Acadia National Park is a nature lover’s paradise loaded with lots of wildlife including white-tail deer, foxes, coyotes, hares, beavers and over 300 species of birds. The park features 48,000 acres of land covered with forests, streams, lakes and 17 mountains. Its tallest peak, which stretches 1,530 feet from sea level to the top of Cadillac Mountain, is the highest on the Eastern Seaboard and during certain times of the year is the first place in America to receive sunlight.

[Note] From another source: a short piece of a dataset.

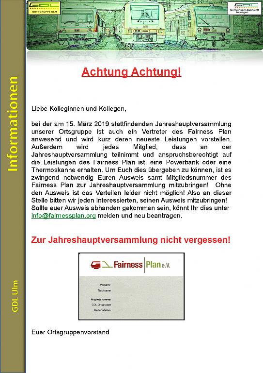 Außerdem wird jedes Mitglied, dass an der Jahreshauptversammlung teilnimmt und anspruchsberechtigt auf die Leistungen des Fairness Plan ist, eine Powerbank oder eine Thermoskanne erhalten. Um Euch dies übergeben zu können, ist es zwingend notwendig Euren Ausweis samt Mitgliedsnummer des Fairness Plan zur Jahreshauptversammlung mitzubringen! Ohne den Ausweis ist das Verteilen leider nicht möglich! Also an dieser Stelle bitten wir jeden Interessierten, seinen Ausweis mitzubringen!

View of Frenchmen Bay from Mount Cadillac
Mount Desert Island derived its name from explorer Samuel de Champlain, who in 1604 ran aground on the island he named Isles des Monts Deserts (Island of Barren Mountains). But it wasn’t until the late 1700s that settlers began to arrive, and the island became a community of farmers and fishermen.
Eventually, word of the island’s rustic beauty spread, aided and abetted by the works of landscape painters from the local Hudson River School of Painting. In its heyday in the 19th century, the town of Eden (as Bar Harbor was called until 1918) had become an exclusive summer resort for the wealthy, rivalling that of illustrious Newport, R.I. They called themselves “rusticators” and built huge mansions and “cottages,” many with ballrooms, croquet lawns and formal gardens. Some were designed by famous architects such as New Yorker Bruce Price, who built the Chateau Frontenac in Quebec City.
While most of the mansions from the gilded era were destroyed in the Great Fire of 1947, a few survived and still grace the town’s leafy streets. However, most have been converted into hotels, B&Bs and restaurants.

Bar Harbor’s historic corridor
After spending our morning in Acadia National Park, we took refuge from the rain in Bar Harbor’s quaint Ivy Manor Inn on Main Street. The Inn has a charming restaurant where we decided to dry out over a delicious lunch of clam chowder, fresh lobster, and corn on the cob, all washed down with a pint of local beer from the Bar Harbor Brewing Company.
Once lunch was over, we hoisted our umbrellas and made our way down Main Street past a variety of interesting shops including “The Scrimshaw,” which practices the whaler’s art of hand engraving on fossils. We then walked along Bar Harbor’s Historic Corridor, a handful of streets that intersect with Main and contain most of the town’s historic buildings. Along the route we found many buildings from the 19th century including the Congregational Church circa 1889, the Mira Monte Inn built in 1860, and the original Brown’s Furniture store finished in 1888. We also dropped in to the Abbe Museum, which has an interesting exhibit of Native American artifacts from the region.

Bass Harbor Head Light
It was now late-afternoon and time to take our rain-soaked bodies back to our ship for our five o’clock sail away. As our ship slipped anchor and slowly eased out of the harbor, we were treated to a bird’s-eye view of our last local landmark – the 1858 Bass Harbor Head Light, one of several beautiful and historic lighthouses that grace the island’s rugged coastline.
The lighthouse soon faded out of view in the twilight of a fall afternoon, but we knew that the majestic beauty of Mount Desert Island would remain with us forever.